Subrogation is a concept that's understood among legal and insurance professionals but sometimes not by the people they represent. If this term has come up when dealing with your insurance agent or a legal proceeding, it is in your self-interest to comprehend the steps of the process. The more knowledgeable you are about it, the better decisions you can make about your insurance policy.
Every insurance policy you own is a commitment that, if something bad happens to you, the business that insures the policy will make restitutions in one way or another without unreasonable delay. If your house is burglarized, for example, your property insurance steps in to pay you or pay for the repairs, subject to state property damage laws.
But since ascertaining who is financially responsible for services or repairs is often a confusing affair – and delay often adds to the damage to the victim – insurance firms in many cases decide to pay up front and assign blame after the fact. They then need a path to recoup the costs if, when all the facts are laid out, they weren't actually in charge of the expense.
Let's Look at an Example
Your stove catches fire and causes $10,000 in home damages. Happily, you have property insurance and it takes care of the repair expenses. However, the insurance investigator discovers that an electrician had installed some faulty wiring, and there is reason to believe that a judge would find him to blame for the damages. The house has already been repaired in the name of expediency, but your insurance company is out all that money. What does the company do next?
How Does Subrogation Work?
This is where subrogation comes in. It is the method that an insurance company uses to claim reimbursement when it pays out a claim that turned out not to be its responsibility. Some insurance firms have in-house property damage lawyers and personal injury attorneys, or a department dedicated to subrogation; others contract with a law firm. Under ordinary circumstances, only you can sue for damages done to your person or property. But under subrogation law, your insurance company is considered to have some of your rights in exchange for having taken care of the damages. It can go after the money that was originally due to you, because it has covered the amount already.
How Does This Affect Policyholders?
For starters, if you have a deductible, your insurance company wasn't the only one that had to pay. In a $10,000 accident with a $1,000 deductible, you have a stake in the outcome as well – namely, $1,000. If your insurer is lax about bringing subrogation cases to court, it might choose to get back its expenses by raising your premiums and call it a day. On the other hand, if it knows which cases it is owed and goes after them aggressively, it is doing you a favor as well as itself. If all is recovered, you will get your full $1,000 deductible back. If it recovers half (for instance, in a case where you are found one-half accountable), you'll typically get half your deductible back, depending on the laws in your state.
In addition, if the total loss of an accident is more than your maximum coverage amount, you could be in for a stiff bill. If your insurance company or its property damage lawyers, such as accident attorney roswell, ga, pursue subrogation and wins, it will recover your expenses as well as its own.

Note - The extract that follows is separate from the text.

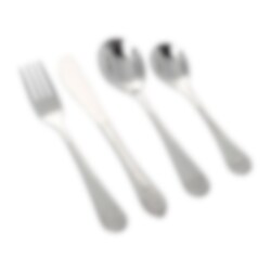 Ruostumattomasta teräksestä valmistetut aterimet, joissa on Nallen, Pomppin, Kilpisen ja Kissa Jansonin kasvot. Todella suloinen kastelahja.

All insurance agencies are not the same. When comparing, it's worth examining the records of competing companies to determine if they pursue legitimate subrogation claims; if they resolve those claims without delay; if they keep their clients advised as the case continues; and if they then process successfully won reimbursements immediately so that you can get your losses back and move on with your life. If, instead, an insurer has a reputation of paying out claims that aren't its responsibility and then safeguarding its income by raising your premiums, you should keep looking.